直接支払いで「未収金減少」1割のみ/医会、出産一時金で調査
出産育児一時金の医療機関への直接支払い制度の導入で、未収金が減った診療所はわずか1割にすぎないことが、日本産婦人科医会が行ったアンケート調査で分かった。医会は2月10日の定例会見で調査結果を発表する。厚生労働省は制度の導入が未収金対策にもつながると説明してきたが、医療現場からは「借金など負担だけが増えた」との指摘も上がっている。
直接支払い制度が2009年10月から一部の医療機関で導入されたことを受け、医会は実態調査を行った。09年12月に分娩を扱う会員2806施設を対象にアンケートを行い、62.9%の1764施設(病院660、診療所1095、記載なし9)から回答を得た。
分娩費の未収金について制度導入で「減少した」と回答した診療所は12%。「変わらない」は52%と過半数を占めた。病院でも「変わらない」が44%を占め、「減少した」は29%だった。
医会の会員で日本のお産を守る会の石井廣重事務局長は2月9日、取材に対し「未払い問題は主に公立病院の事務職員の怠慢であり、一般医療機関では未払いはほとんどない」と述べ、制度導入の理由に未収金問題の減少は当てはまらないとした。
また、制度の実施で借り入れが必要になるなど経営に影響が出ていると回答した医療機関は全体の3割に上った。分娩から一時金の支払いまで、2カ月程度かかるため、分娩費用の一時的な「肩代わり」を余儀なくされることが影響している。
石井事務局長は「月に40件のお産をしている産科医院なら、2カ月間で3200万円の収入が途絶える。借金をすれば利子を払わなくてはいけない。多くの中小施設は金銭的にも人材にも余裕がない」と窮状を訴えた。

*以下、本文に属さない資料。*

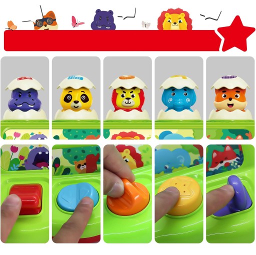 🎨🎨🎨 [5 Zwierzęta Pop-Up] Ta zabawka edukacyjna jest idealna dla dzieci w wieku powyżej 12 miesięcy. Zawiera urocze postacie zwierząt i gra wesołą muzykę. Pomaga poprawić drobną motoryczność i zachęca do naturalnej ciekawości.
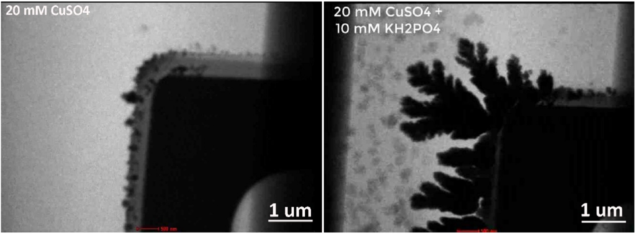 随后,样品源中的电解质使用CuSO₄和KH₂PO₄ 溶液的混合物进行实验。该液体以3微升/分钟的流速保持流动15分钟,这使研究人员能够直接研究电解质对同一液体电池中沉积的影响,排除了不同电池组装过程中的所有不确定性。与此相反的是,在这种情况下,观察到铜树枝的生长,电解质中加入H₂PO₄-离子导致了Cu-磷酸盐复合物的形成(见图1,右)。这些结果进一步证实了能够调节电解质成分的重要性,并证明了Stream样品杆所能实现的环境控制的有效性。

一方、すでに制度を導入した施設は全体の85%に上った。都道府県別では100%実施は13カ所だった。
猶予期間は3月末で終了し、4月からは直接支払いが本格実施される。厚労省は、医療機関に負担をかけないよう、制度の改善策を検討している。医会は、会員施設の経営に支障が出ないよう、厚労省に制度の改善を求めていく方針だ。(2/10MEDIFAXより)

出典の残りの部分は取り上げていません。